Lifetime of node-to-node communication in a wireless ad hoc network is defined as the duration that two nodes can communicate with each other. Failure of the two nodes or failure of the last available route between them ends their communication. In this paper, we analyze the maximum lifetime of node-to-node communication in static ad hoc networks when alternative routes that keep the two nodes connected to each other are node-disjoint. We target ad hoc networks with random topology modeled as a random geometric graph. The analysis is provided for (1) networks that support automatic repeat request (ARQ) at the medium access control level and (2) networks that do not support ARQ. On the basis of this analysis, we propose numerical algorithms to predict at each moment of network operation, the maximum duration that two nodes can still communicate with each other. Then, we derive a closed-form expression for the expected value of maximum node-to-node communication lifetime in the network. As a byproduct of our analysis, we also derive upper and lower bounds on the lifetime of node-disjoint routes in static ad hoc networks. We verify the accuracy of our analysis using extensive simulation studies.
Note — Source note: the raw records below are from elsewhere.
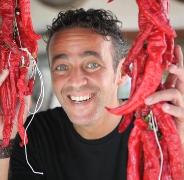 Summer is the most demanding period. Gardens require daily attention, and harvests begin to arrive in volume. Tomatoes are cooked down into passata and bottled for use throughout the year. Peppers are dried or preserved in oil, often strung and hung outside homes. These tasks are repetitive and time-consuming, frequently done in groups, with knowledge passed through observation rather than instruction.
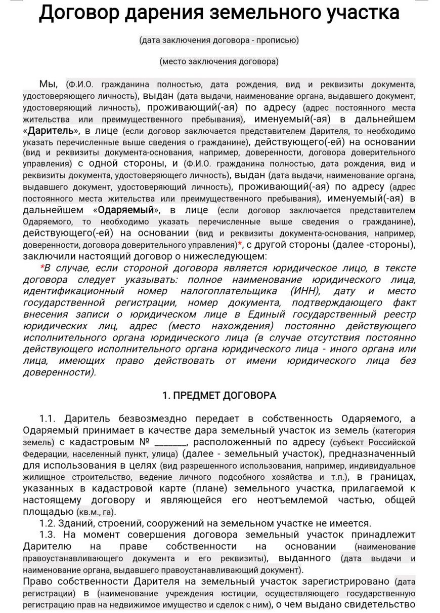 Как составить и оформить договор дарения доли земельного участка родственнику? Дарение, как любые другие сделки по безвозмездному отчуждению имущества, должны совершаться крайне обдуманно и грамотно. Иначе стороны рискуют получить совершенно не тот результат, на который рассчитывали сначала, либо допустить серьезную непоправимую ошибку.
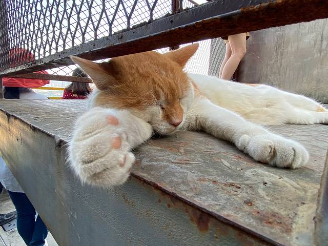在熙熙攘攘的游客中间熟睡的橘猫……
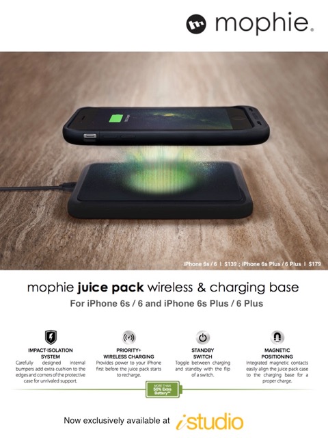 The mophie juice pack wireless for iPhone 6s/6 and iPhone 6s Plus/6 Plus is now available exclusively at iStudio, retailing at $139 and $179 respectively.
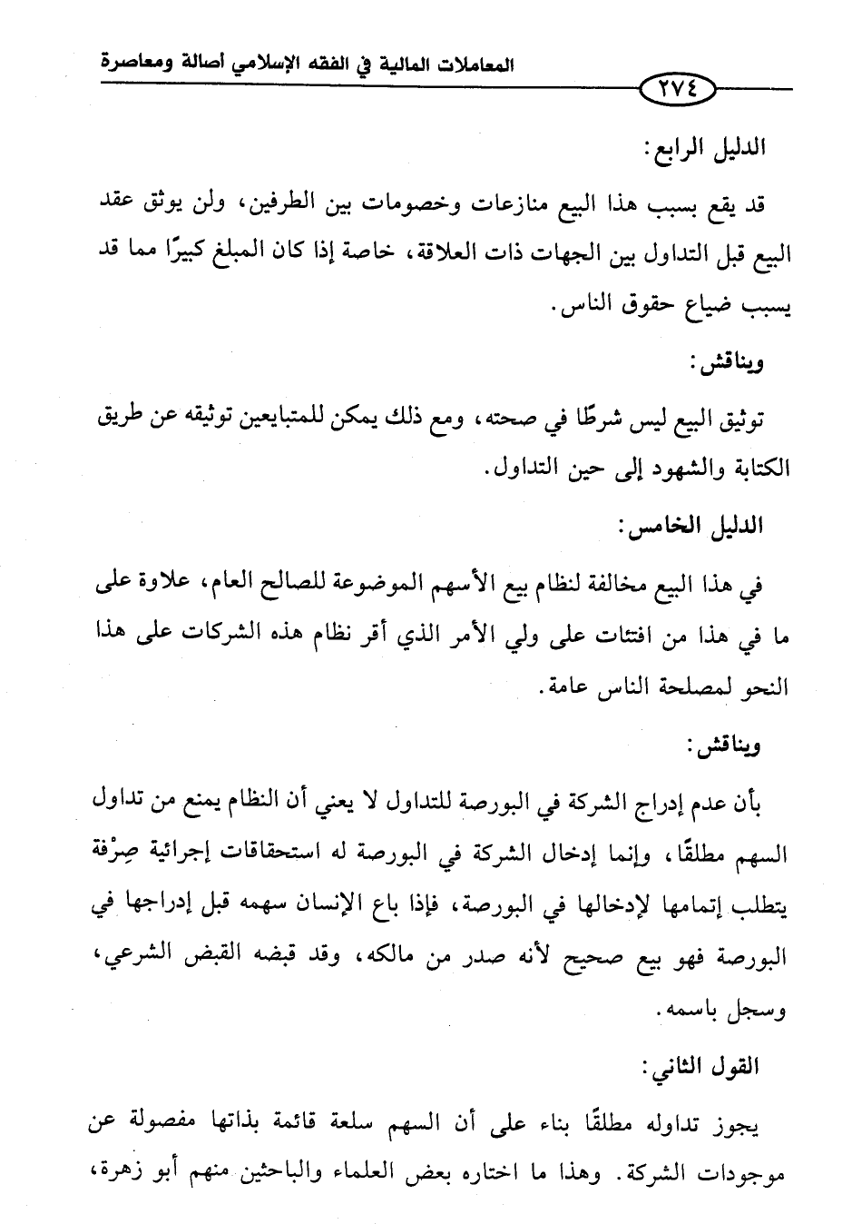 بأن عدم إدراج الشركة في البورصة للتداول لا يعني أن النظام يمنع من تداول السهم مطلقاً، وإنما إدخال الشركة في البورصة له استحقاقات إجرائية صِرْفة يتطلب إتمامها لإدخالها في البورصة، فإذا باع الإنسان سهمه قبل إدراجها في البورصة فهو بيع صحيح لأنه صدر من مالكه، وقد قبضه القبض الشرعي، وسجل باسمه.

Performance evaluation of power-aware routing algorithms in Personal Networks

Personal Networks (PN) is a concept in the area of modern communication networks in which devices belonging to a person cooperate to offer services to the person regardless of their geographical locations. A PN may consist of several ad-hoc sub-networks (or clusters) which are interconnected through infrastructure networks such as the Internet. Failure of personal devices due to battery shortage is one of the main threads for service availability in PNs. Power-aware routing (PAR) has been proposed as an effective scheme to prolong the lifetime of battery-operated nodes in wireless ad-hoc networks. This scheme, however, could be utilized in PNs as well, since a PN cluster can be modeled as a wireless ad-hoc network. Aiming at prolonging the lifetime of nodes in PNs, in this paper we propose a PAR algorithm for PNs and we evaluate and compare its performance with the performance of other PAR algorithms proposed so-far for wireless ad-hoc networks. We analyze the effect of node density, routing overhead, heterogeneity of PN nodes in terms of their power supplies, and communication pattern within PN clusters on the performance of the PAR algorithms. Taking into account various parameters, we show that in a PN environment, our proposed scheme can profoundly extend the lifetime of PN nodes compared to the other algorithms. We also show that there can be an optimal value for route refresh interval, as a parameter which affects the generated routing overhead, and the node density of PN clusters, in such a way that the network lifetime is maximized.

Minimum energy cost reliable routing in ad hoc wireless networks

Energy-aware routing is an effective way to extend the operational lifetime of wireless ad hoc networks. In this paper, we propose a new energy-aware routing scheme called Reliable Minimum Energy Cost Routing (RMECR). RMECR finds routes which require least amount of energy for reliable packet transfer in ad hoc networks. It defines the energy cost of packet forwarding by a node as the fraction of remaining battery energy which is consumed by a node to forward a packet. This includes the energy consumed for retransmission of the packet as well, when the packet or its acknowledgment is lost. We show that RMECR can effectively reduce the energy consumption of nodes and balance the traffic load among them. Furthermore, RMECR is able to find reliable routes, in which constituent links require less number of packet retransmissions due to packet loss. This in turn decreases the latency of packet delivery and saves energy as well.